The following material was written by the Rev. John Shearman (jlss@sympatico.ca) of the United Church of Canada. John has structured his offerings so that the first portion can be used as a bulletin insert, while the second portion provides a more in depth 'introduction to the scripture'.

INTRODUCTION TO THE SCRIPTURE	
The Second Sunday in Lent - Year A

     Note: Some churches celebrate the Transfiguration on this 
     date rather than on the Last Sunday of Epiphany.  See 
     Transfiguration Year A for the introduction to the
     scripture.

     
GENESIS 12:1-4a          The call of Abram (or Abraham as he later became
known) to leave his homeland and migrate to an unknown country is one of
the crucial events of the Old Testament.  Whether the stories surrounding
this migration are tribal legends or actual events, there is no doubt that
they became a formative part of Israel's faith history.  Later generations
would look back to this patriarch and see in Abram's obedience to the
divine summons the initial response to God's covenant with Israel.


PSALM 121                This psalm has been sung in paraphrase form by
many generations of Scots and Canadians.  The latter paraphrase by the
Marquis of Lome, Governor-General of Canada 1879-1883, while resident in
Rideau Hall, Ottawa, is better known to us as the hymn "Unto the hills
around do I lift up my longing eyes".  Its message is simple and powerful:
God watches over us as permanently as the mountains mark the horizon.

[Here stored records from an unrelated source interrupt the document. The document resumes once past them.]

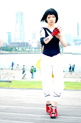 This is scond time i post Mirror Edge Cosplay photo, ive great Faith cosplay photo, but i think i love this Mirror Edge Cosplay by Omi Gibson too, though i think Omi gibson not fit enough as Faith which i ever imagine, and i dont like her wig too because i think thats was kinda different with Faith connor hairtcut (thats just my oppinion ^^" dont mean it), however Omi Gibson has mage to create great faith cosplay photo in this Mirror Edge Cosplay by Omi Gibson, she seem very tottaled in every aspect, his cosplay costume, make up, and her tatto too that was very close to the real one, i love her pose too, and the background of this Mirror Edge Cosplay by Omi Gibson was taken in many different place with full with high building which can represent Faith connor as "runner", Omi Gibson is japanesse cosplay queen but i dont really know about her too ^^", well i took this cosplay photo from MMosite.com, great cosplay.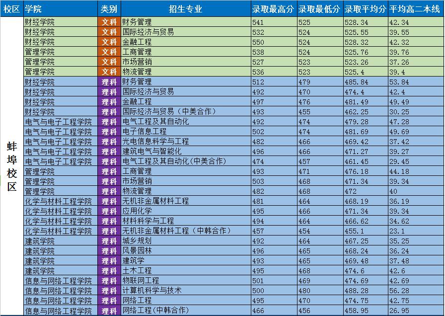 安徽科技学院2018年安徽省普通高考分专业录取分数线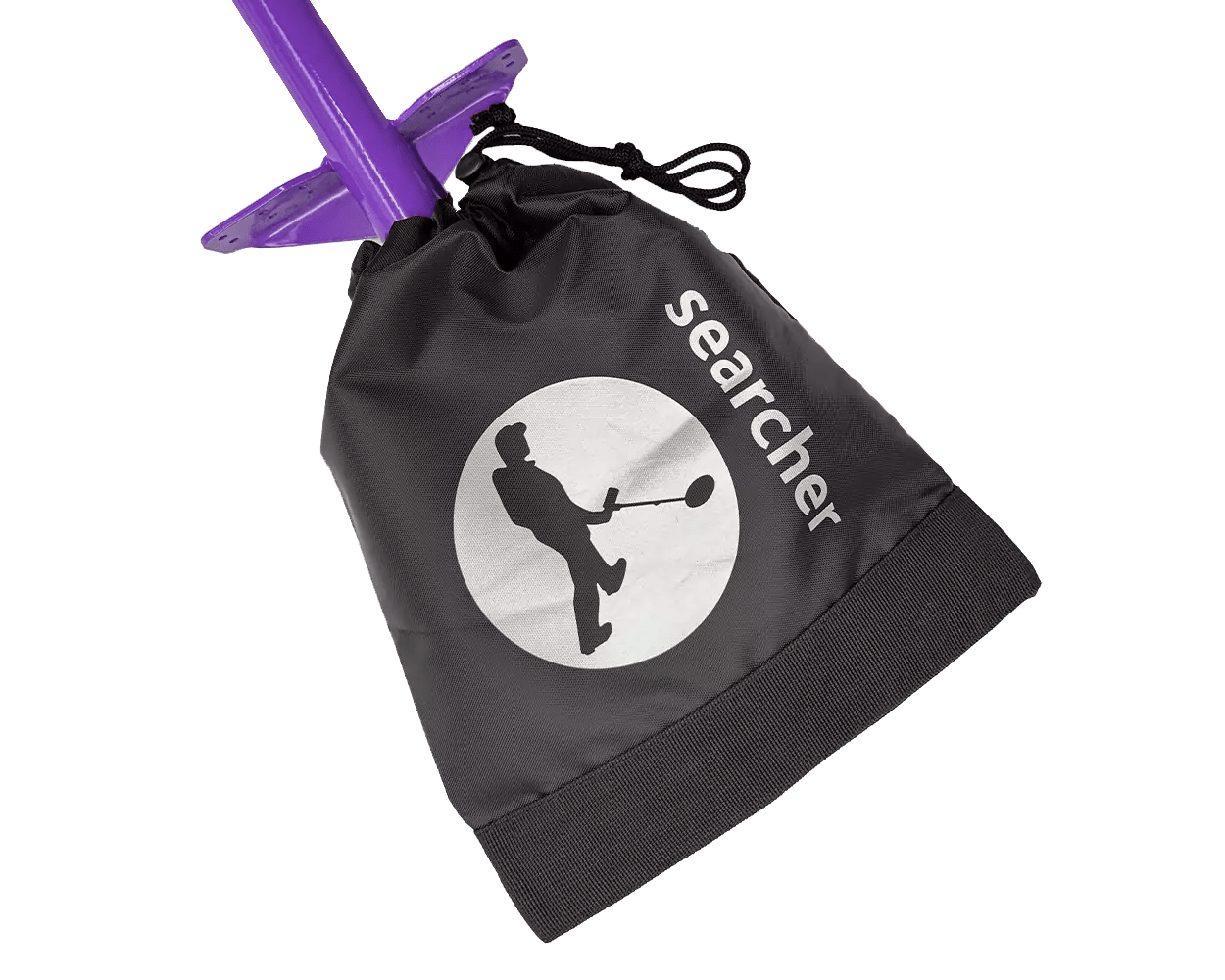 Protective bag for spade blade with printed Searcher Logo.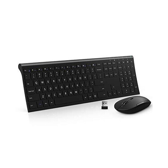 Wireless Keyboard Mouse, Jelly Comb 2.4GHz Ultra Slim Full Size Rechargeable Wireless Keyboard and Mouse Combo for Windows, Laptop, Notebook, PC, Desktop, Computer (Black)
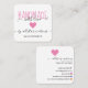 This simple and cute business card is perfect for the home crafter, Etsy shop owner, or art fair creative. It features handwritten script font in black and pink that says, "Handmade with love by (store name)," on top of a minimal white background. It's modern, elegant, sweet, and unique; the perfect design for your customers.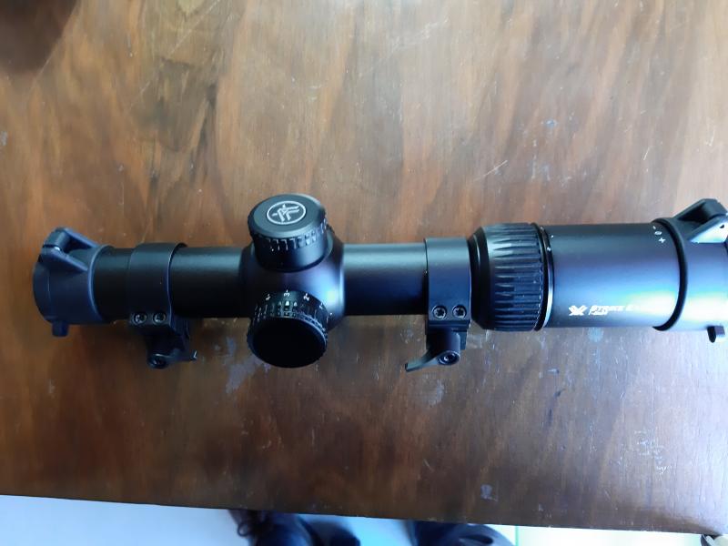 Visor Vortex Strike Eagle 1x8x24, nuevo a estrenar, con anillas Leupold QR o QRW2, 400 euros.

ROMANS 4:1-5,13-17       As a rabbi well trained in the religious
traditions of Israel, Paul cited the call of Abraham as evidence that
obedient response to God in faith is the key to Israel's religious
heritage.  Paul based his conviction that we are given a fight relationship
with God (justifed is the term he used) by similarly responding to God in
faith.  Obeying the law was not sufficient, he argued.  Faith must come
first before there can be any obedience to the law.


JOHN 3:1-17              John regarded this meeting between Jesus and
Nicodemus, a leader of the Jews, as one of the most significant events in
the theological conflict of Christianity with Judaism.  Here he states the
real purpose of Jesus' life and ministry.  In many ways, the story
reiterates what Paul had said to the Romans: Faith in God's love so fully
revealed in Jesus, God's Son, is the only means of coming into a right
relationship with God and our neighbours in this global age.  Indeed, the
whole of the New Testament conveys a similar message for all the world.


A MORE COMPLETE ANALYSIS:

GENESIS 12:1-4a   The call of Abram (or Abraham as he later became known)
to leave his homeland and migrate to an unknown country is one of the
crucial events of the Old Testament.  Apart from the sage itself, there are
sixty-five other references to him in the Hebrew scriptures, often in a
formulaic association with his son and grandson, Isaac and Jacob. Genesis
11:31 states that Abram's father, Terah, had earlier migrated from Ur of
the Chaldeans, near the junction of the Tigris and Euphrates Rivers to
Haran in the upper Euphrates valley.  It was from Haran that Abram and his
nephew Lot migrated to Canaan (12:4b).  

According to archeological and linguistic research, this migration
corresponds with the movement of Amorite tribes from the northern Arabian
desert in both directions southeast along the Tigris-Euphrates valley and
southwest into Canaan.  This also was the ancient trade route between east
and west along the Fertile Crescent.  One hypothesis holds that Abram may
have been a caravan merchant, although biblical evidence presents him only
as a pastoral chieftan.  He was thought to have been a contemporary of
Hammurapi, an identifiable historical monarch (ca.1750 BCE) in the
territory later known as Babylonia, and today as Iraq.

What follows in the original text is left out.